Mundo

China e Europa oferecem dinheiro e estabilidade a pesquisadores afetados por cerco de Trump

Com cortes no orçamento e restrições a vistos, universidades americanas perdem força na disputa por talentos, impactando sobretudo áreas críticas, como engenharia e ciência da computação

Estudantes de Harvard protestaram na terça-feira após o governo dos EUA anunciar a intenção de cancelar todos os contratos financeiros restantes com a universidade (AFP)

Estudantes de Harvard protestaram na terça-feira após o governo dos EUA anunciar a intenção de cancelar todos os contratos financeiros restantes com a universidade (AFP)

Agência o Globo
Agência o Globo

Agência de notícias

Publicado em 4 de junho de 2025 às 08h27.
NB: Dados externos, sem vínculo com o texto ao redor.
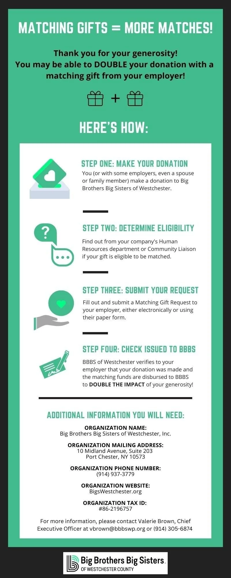 Did you know your employer may match your volunteer hours as a Big or Advisory Council member with a monetary donation to Big Brothers Big Sisters of Westchester County through a program like Dollars for Doers?
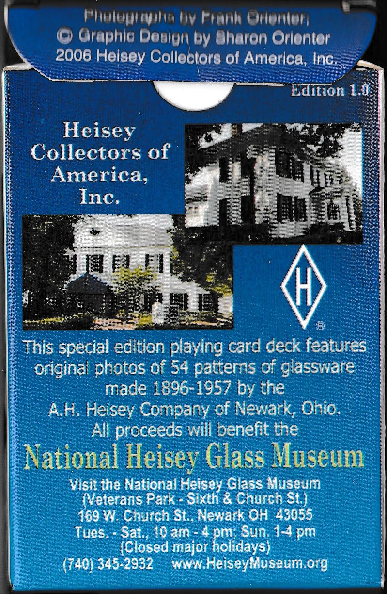 The National Heisey Glass Museum (NHGM) was established in Veterans Park in downtown Newark, Ohio in 1972 to display and promote the study of the products of the A.H. Heisey & Company (1896-1957). The company produced high-quality, handmade glass tableware and fine and decorative glass figurines which have become highly collectible. The Museum was established and is maintained by the Heisey Collectors of America, Inc. Each of the 54 cards shows a photograph (taken by Frank Orienter) of a glass product or products, with name and Museum number. The graphic designer was Sharon Orienter. See the box►
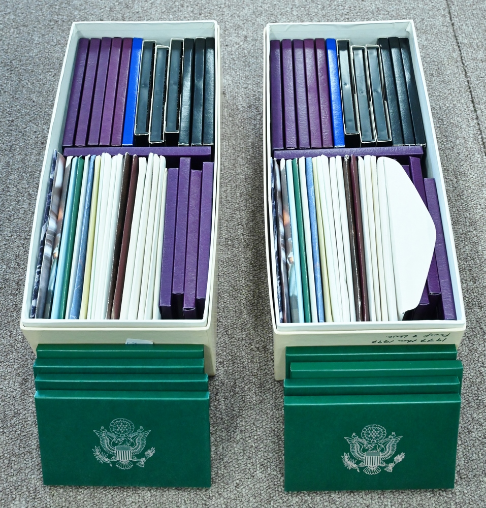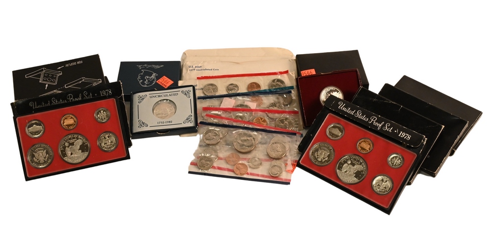 Large lot of Proof Coin Sets, to include 9 Proof Sets and 6 Mint Sets, proof sets to include, 2 – 1978; 2 – 1979; 2 – 1980; 1 – 1981; 2 – 1982; mint sets to include, 2 – 1979; 2 – 1980; 2 – 1981; along with 4 silver medals.
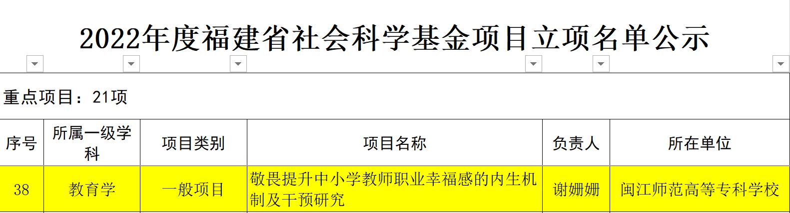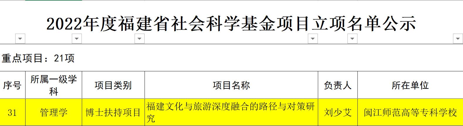 近日,福建省社会科学规划办公室公示了2022年度福建省社会科学基金项目评审结果,大赢家体育app下载人文与管理学院谢姗姗老师的《敬畏提升中小学教师职业幸福感的内生机制及干预研究》(一般项目)、刘少艾的《福建文化与旅游深度融合的路径与对策研究》(博士扶持项目)喜获立项。全省仅有5个高职高专类院校获得项目立项,大赢家体育app下载是唯一一个同时获得两个项目的学校。

A história de Ardem Patapoutian não é apenas o sonho americano — é o sonho da ciência americana.

Ele chegou em Los Angeles em 1986, aos 18 anos, fugindo da guerra no Líbano. Passou um ano escrevendo para um jornal armênio e entregando pizzas à noite para conseguir ingressar na Universidade da Califórnia, onde concluiu a graduação e um pós-doutorado em neurociência.

Com uma bolsa dos Institutos Nacionais de Saúde (NIH), fundou um laboratório na Scripps Research, em San Diego, onde descobriu como os humanos percebem o tato — e ganhou o Prêmio Nobel por isso em 2021.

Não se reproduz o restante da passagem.